You can change either of these values to make an NFS-based SR "more resilient " to NFS/network outages. The math/algorithm behind the settings should also be in the same “nfs.py” code in the header comments between lines ~27 and 46. I used this info and ChatGPT to compute tables for a fixed nfs-timeout and varying nfs-retrans values and with a fixed nfs-retrans and varying nfs-timeout values.
To gauge how long I would need an SR backend to wait for the target to reboot/recover, I rebooted all of my FreeNAS/TrueNAS appliances one by one and timed how long it took each for a full recovery (then add about 10% for good measure). We have several older servers that we use for testing/experimenting, so the slowest reboot we had was 6 min 30 sec. So, my nfs-timeout and nfs-retrans settings are based on bridging a 7 minute outage or 4200 tenths of a second (i.e., 420 seconds).

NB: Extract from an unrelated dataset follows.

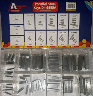 The AAK71 Parallel Steel Key Kit offers a convenient assortment of high-quality parallel machine keys designed to securely connect rotating machine components, such as gears and pulleys, to shafts. Manufactured to DIN 6885A standards, each key is made from durable steel for precision fit and high torque transmission reliability.

I tested both changing nfs-timeout = 4200 and keeping nfs-retrans = 4 and keeping the default nfs-timeout = 200 and increasing the nfs-retrans = 24. Both of these worked! None of our VM disks using the rebooted NFS-backed SR went into a read-only state. You might see some processes/operations not working during this outage period (i.e., no new ssh logins to an impacted VM, existing sessions stayed open), but once the NFS target comes back, all queued-up operations should be flushed out and continue. I did not need to reboot any of my VMs.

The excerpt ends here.